What does that say about their mindset, as a whole?  Here at CAPS there are plenty of people talking about making money in a down market...there are ways.

But when the big traders and funds come to an apparent standstill on a down day, then they arent' thinking about making money at all, are they?  It seems more like they are either trying to preserve....or are happy to sit on their assets until the day/week/month settles out.

I'm not a big trader, but it seems that the behavior has a fundamental difference in mentality--either from planning, emotion, information, or capability (yeah, they've got lots of money, most don't....but it might be something else)

I'm not really pushing some conspiracy theory--just wanting to hear some deep thoughts on how this is playing out.  Things have changed...

Report this comment
#13) On March 31, 2009 at 5:46 PM, AnomaLee (30.09) wrote:

"I'm not really pushing some conspiracy theory--just wanting to hear some deep thoughts on how this is playing out.  Things have changed..."

There hasn't really been any change. This is something that has gone on for years since the beginning of trade. The combined 'market value' for stocks in mutual funds was over $3 trillion as of February which probably accounts for nearly 1/3 of the total value of the U.S. stock market. Money equals power, and this is why the big mutual funds have so much power over the market. For the majority of the Russell 3000 stocks the big funds control the weighted price of these stocks. They are the herd that we all track and sometimes steer through the ticker.

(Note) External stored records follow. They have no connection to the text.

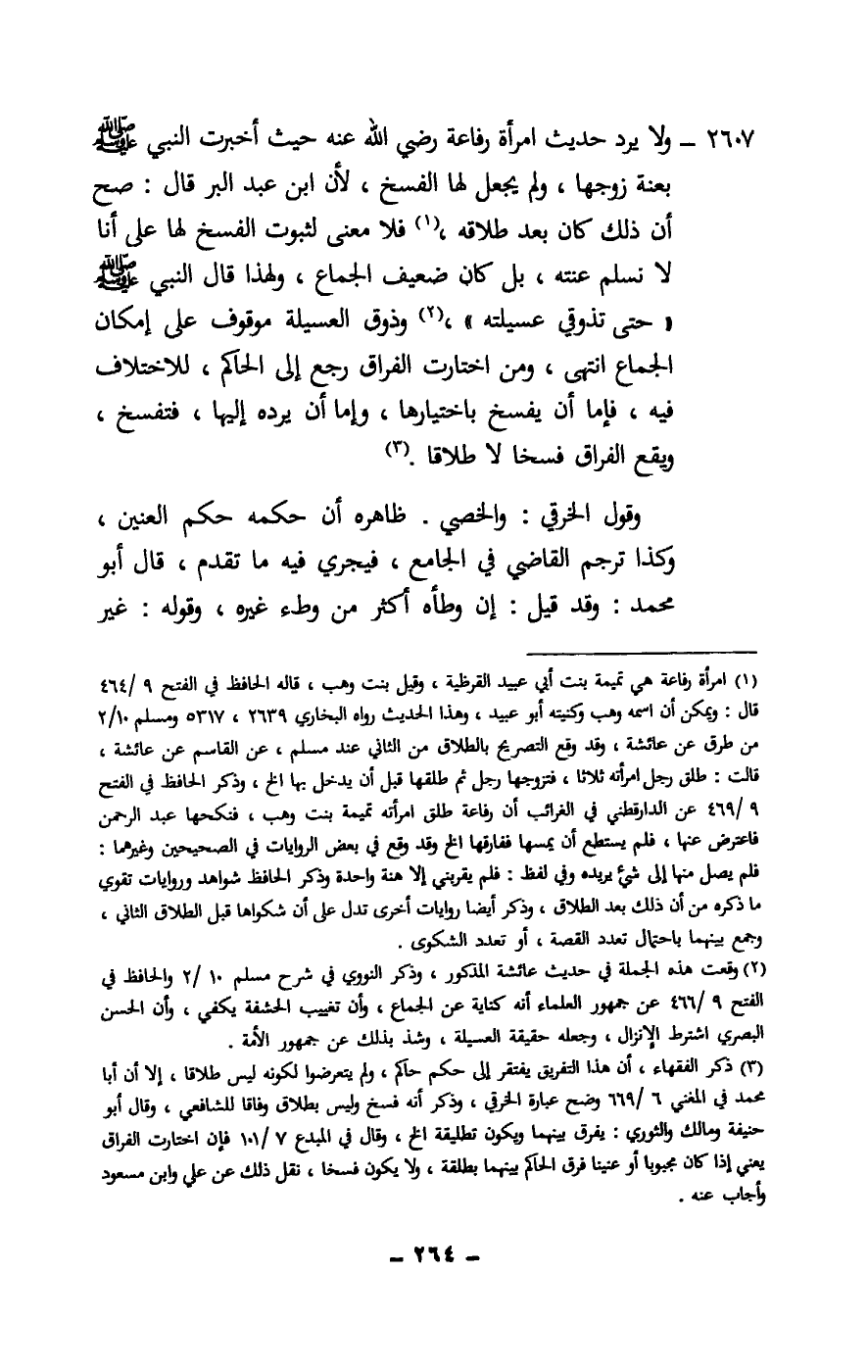 2607 - ولا يرد حديث امرأة رفاعة - رَضِيَ اللَّهُ عَنْهُ - حيث أخبرت النبي - صَلَّى اللَّهُ عَلَيْهِ وَسَلَّمَ - بعنة زوجها، ولم يجعل لها الفسخ، لأن ابن عبد البر قال: صح أن ذلك كان بعد طلاقه، فلا معنى لثبوت الفسخ لها على أنا لا نسلم عنته، بل كان ضعيف الجماع، ولهذا قال النبي - صَلَّى اللَّهُ عَلَيْهِ وَسَلَّمَ -: «حتى تذوقي عسيلته» ، وذوق العسيلة موقوف على إمكان الجماع، انتهى، ومن اختارت الفراق رجع إلى الحاكم، للاختلاف فيه، فإما أن يفسخ باختيارها، وإما أن يرده إليها، فتفسخ، ويقع الفراق فسخا لا طلاقا.
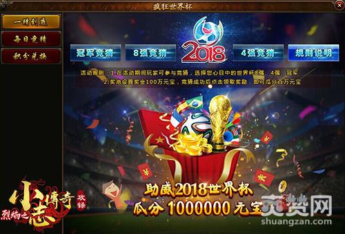 百万元宝,助威2018俄罗斯世界杯。每个人心中都有着一直冠军队伍,而在9377小志传奇疯狂世界杯竞猜活动的“一猜到底”中,在指定的活动时间期间,选出自己心目中的世界杯8强、4强以及冠军队伍。一旦竞猜成功,即可瓜分奖池当中的百万元宝!
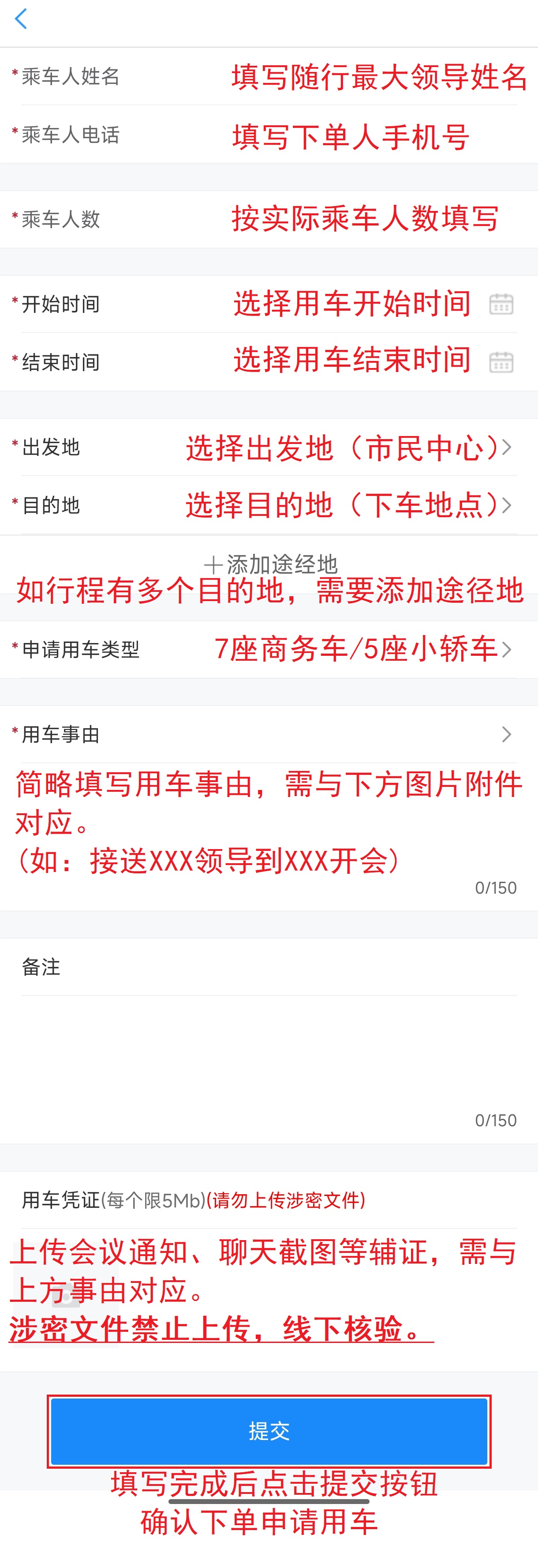 用车凭证:上传相关会议通知、聊天记录等作为辅证,严禁上传涉密信息,涉密信息线下核验。
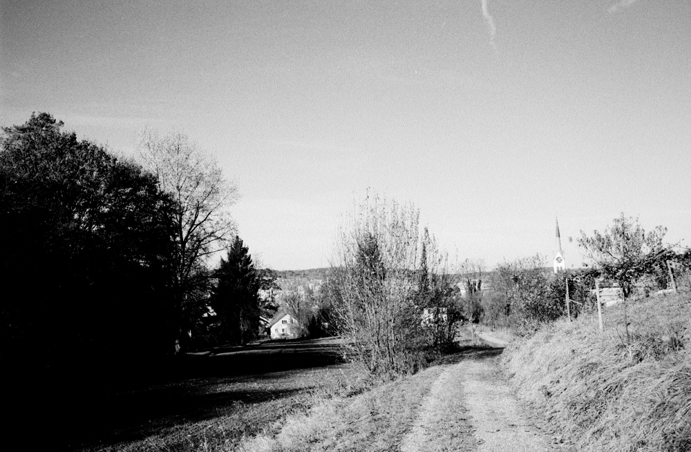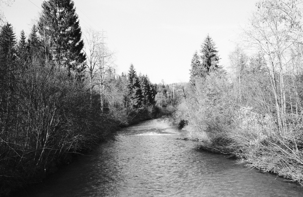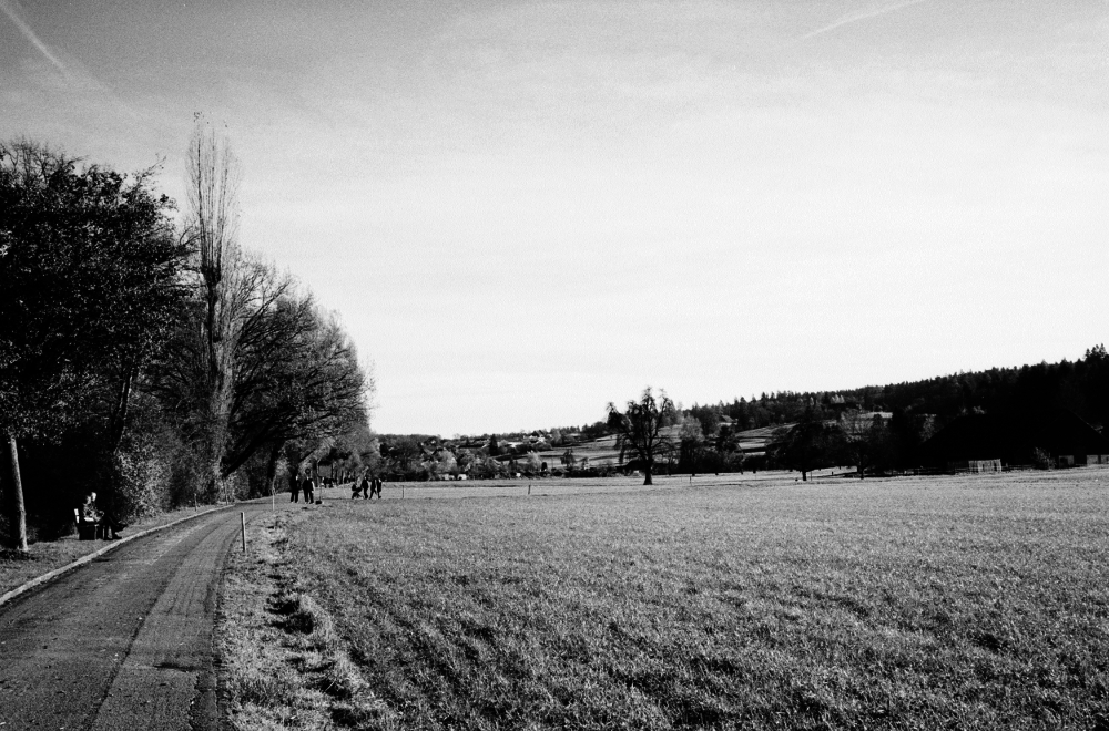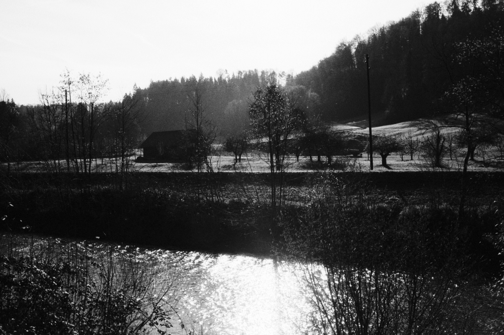 Bahnhof ab. Die Töss begleitet uns heute, wir laufen ihr Tal entlang. Die Sonne scheint uns mal ins Gesicht, mal wärmt sie uns den Rücken, je nach Flussmäander. In den Schattenpassagen ist es jedoch schon empfindlich kalt, ein Vorgeschmack auf die nächsten Wochen und Monate. Das Tösstal darf man sich nur ansatzweise romantisch oder idyllisch vorstellen. Der Fluss wurde - natürlich - begradigt und in ein Korsett gezwängt und windet sich in langen Schleifen durch ein Tal, das von bewaldeten Hügeln gesäumt wird. |
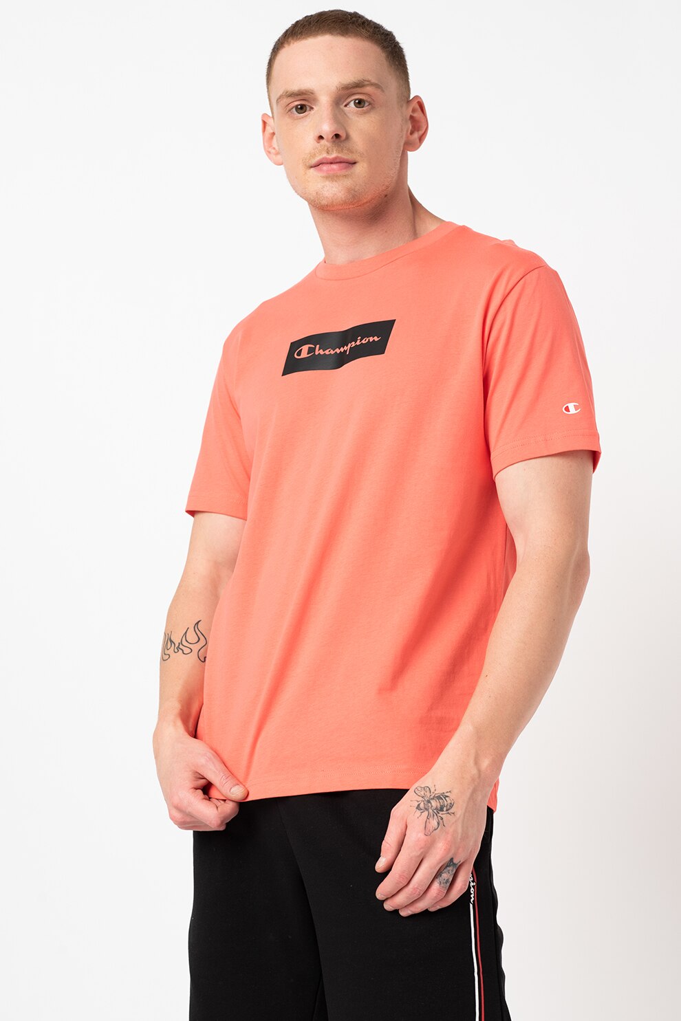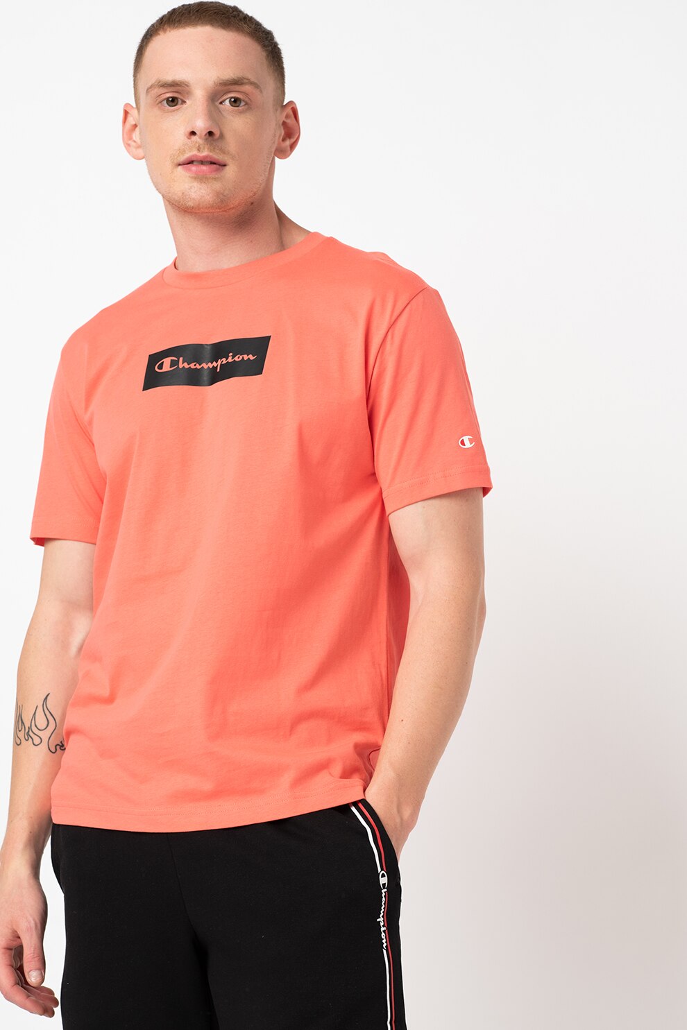 Champion - Tricou cu imprimeu logo si decolteu la baza gatului, Roz aprins, XL
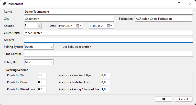 For the purpose of this tutorial it's sufficient to enter Name, City and a Chief Arbiter. Enter some values there and press ok
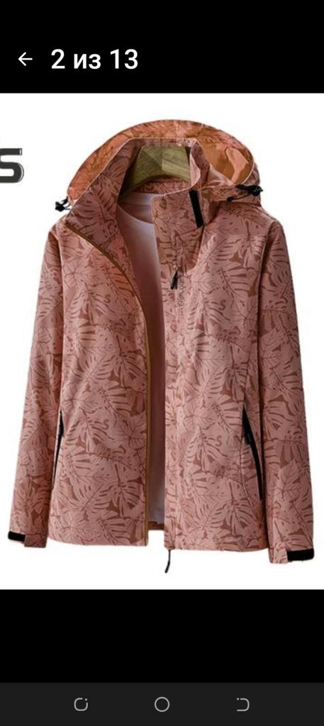 Women Jacket Outdoor Windbreaker Leaf Print Single layer Waterproof Breathable Long Sleeve Hooded Zipper Pockets Zip Up Lady Fall Spring Coat — buy online with free worldwide shipping!
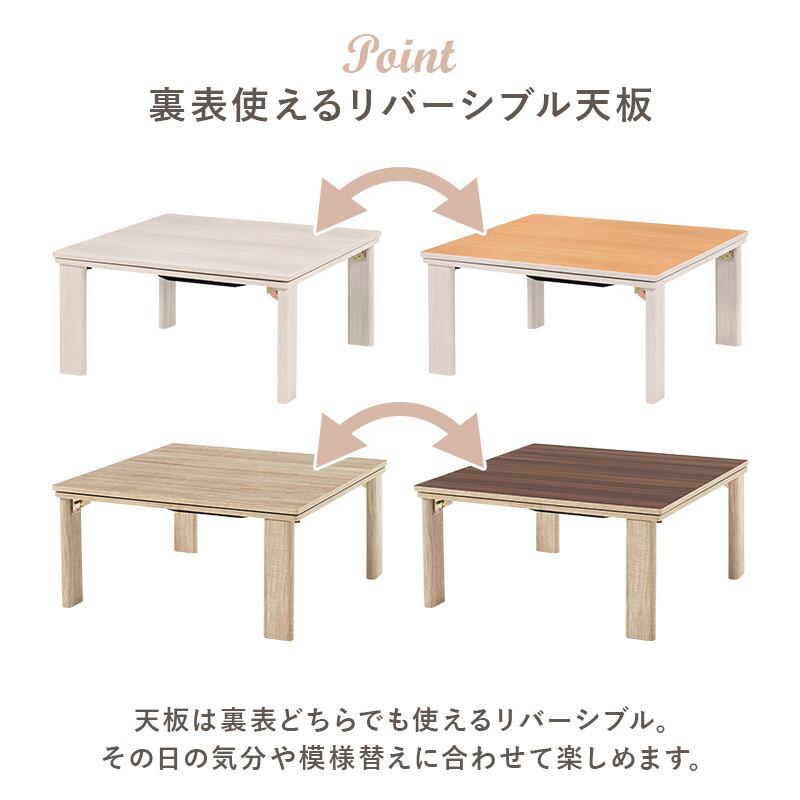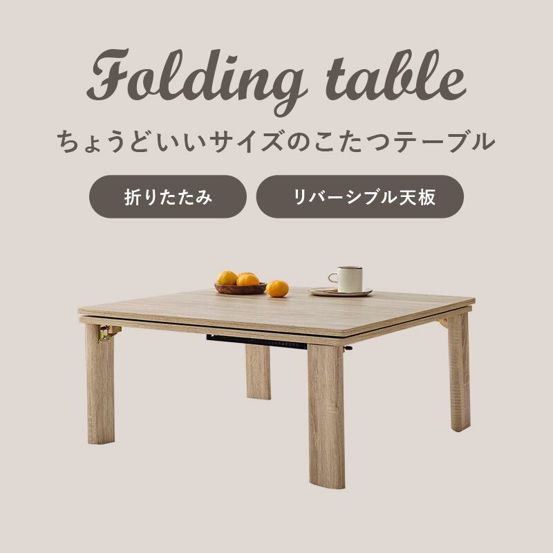 シンプルなデザインで天板リバーシブル、収納に便利な折れ脚コタツ。軽くてかさばらない布団セット

The majority of daily flows on the major indexes are from targeted funds. These funds have certain criteria to fulfill that are very narrow. A good example would be small cap, large cap, and foreign funds where fund managers are legally obligated to target investments that are generally outlined in their guidelines, prospectus, etc.

There is pressure on fund managers to be active [because they're not paid to be inactive] and maintain specific holdings [no matter what]. Most funds keep less than 5% of their portfolio reserved in cash and typically have high cash turnover, so there is constantly a need to re-allocate their positions. For instance, over a $300 billion were withdrawn from mutual funds between January and February this year. The bid/ask price adjust throughout the sessions accordingly to demands and to any developments that may affect a core position.(ie. large-cap financials, GM, etc)

All of this is plays a large part for the wave like motion in the major indexes is the opening and closing of positions.

Companies with smaller market caps typically have higher betas because there are less investors. If a major fund decides to reduce or downgrade a $300 million stock it can fall precipitously. Declines or advances of 5% or more are more common. Sometimes you will notice hedge fund activity by looking at the volume weighted price actions.

Report this comment
#14) On March 31, 2009 at 6:26 PM, angusthermopylae (36.94) wrote:

AnomaLee,

So, if I understand correctly, then it's not so much that the spike has gone up, but that other activity has gone down?  You're correct; I have seen something like this before; I just don't remeber it being so prominent as the beginning/end of the day.

I remember your point from the early Motley Fool days, talking about fund managers:  Sometimes they are stuck because they are too big, and can't make a move into a good small cap company because they would end up buying the whole things for chicken scratch...scratch by their standards.

Report this comment
#15) On March 31, 2009 at 8:46 PM, AnomaLee (30.09) wrote:

angusthermopylae

"So, if I understand correctly, then it's not so much that the spike has gone up, but that other activity has gone down?  You're correct; I have seen something like this before; I just don't remeber it being so prominent as the beginning/end of the day."

Yea, most of the better funds probably stopped believing this rally around the 19th of March[from the volume action], and the volume is below almost all the major moving averages. A lot the action since are people late to the party making last minute changes.

Some other things:

- The average 5-day trade volume last week was less than 70% of the volume the week prior. 

- Even last week's major Monday rally had less buyers than the down session prior.